2.5 Predictions

As well as using the model to better understand the relationship between the response and explanatory variables, we can also use the model to make predictions. For example, suppose we knew of a country that was not in our original data set that had a GDP per capita of 30000, but we did not know its average happiness score. We could then predict this country's average happiness score as follows.

Let \(x_0\) denote the 'new' value of \(x\). Then, our predicted response for this choice of \(x\) will be

\[\widehat{y}_0 = \widehat{\beta}_0 + \widehat{\beta}_1x_0.\]

Recalling that our new country had an income of \(x_0 = 30000\), and that our estimated model is

\[\widehat{\text{Happiness}} = 44.78 + 0.0006\times\text{Income},\]

we can estimate this country's average happiness score as

\[\widehat{\text{Happiness}} = 44.78 + 0.0006\times 30000 = 62.78.\] It is also possible to estimate prediction intervals, although these are beyond the scope of this subject.

2.5.1 A cautionary tale: Extrapolation

When using a model to make predictions, it is a good idea to carefully check whether or not \(x_0\) is within the range of the data from which we estimated our model. If it is not, then we may be extrapolating, which can often lead to inaccurate results. For example, consider the following.

Using our estimated model of \(\widehat{\text{Happiness}} = 44.78 + 0.0006\times\text{Income},\) for a new country with a value of \(x_0 = 90000\), what would be the predicted average happiness score?

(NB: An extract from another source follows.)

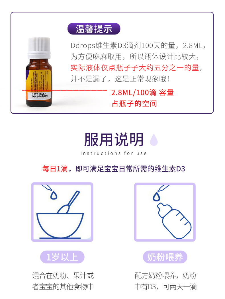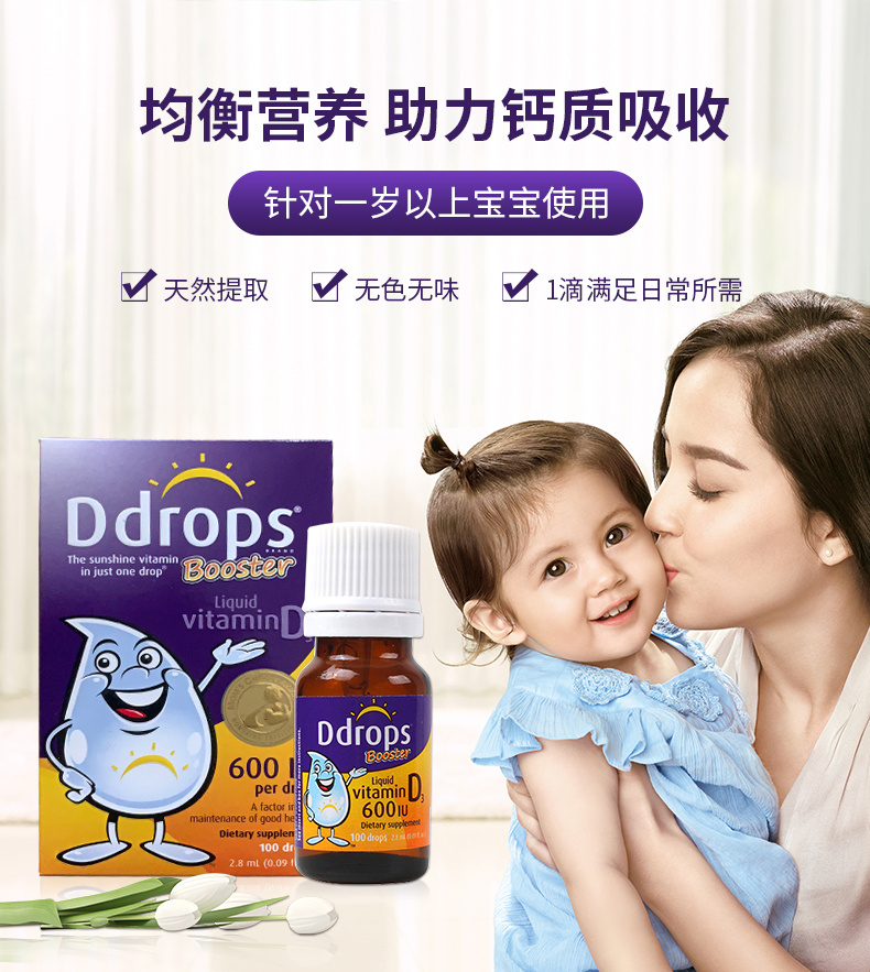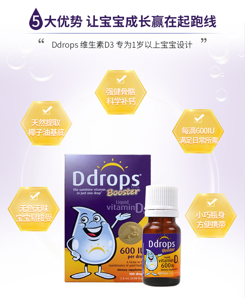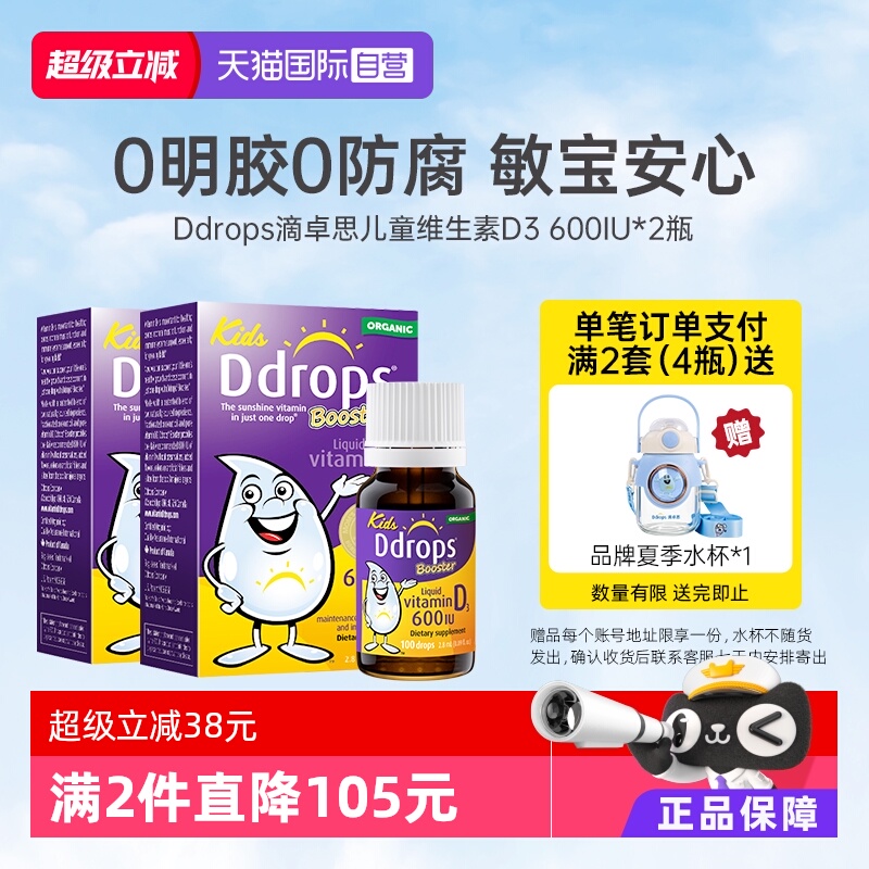 [Самоуработанные] DDROPS DI ZHUOSI VITAMIN VD3 капли детей DD Небольшие капли небольших капель для стимулирования кальция для поглощения 2,8 мл*2
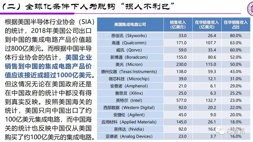 根據(jù)美國(guó)半導(dǎo)體行業(yè)協(xié)會(huì)公布的數(shù)據(jù)顯示,2018年美國(guó)半導(dǎo)體企業(yè)在中國(guó)的銷(xiāo)售的集成電路產(chǎn)品價(jià)值超過(guò)了1000億美元,在中國(guó)的銷(xiāo)售收入在很多美國(guó)企業(yè)的營(yíng)收當(dāng)中占據(jù)了半壁江山。顯然,在中美科技脫鉤的情況下,美國(guó)半導(dǎo)體企業(yè)并不能從中獲益。因此,美國(guó)半導(dǎo)體行業(yè)協(xié)會(huì)以及美國(guó)很多的半導(dǎo)體企業(yè)也反對(duì)美國(guó)政府與中國(guó)脫鉤的舉措。

\(44.78 + 0.0006\times 90000 = \ldots\)


However, consider the below chart:

As we can see, our prediction for this country, as represented by the red dot, is very unlikely to represent reality! This is because we have used our model to extrapolate for a value that was well outside of the range from which we estimated our model, i.e. the range between the two vertical dotted lines, from $10,000 to $50,000. While our model was a good fit for the countries with GDP per capita values within that range, it is not a good fit at all for countries with GDP per capita values outside that range!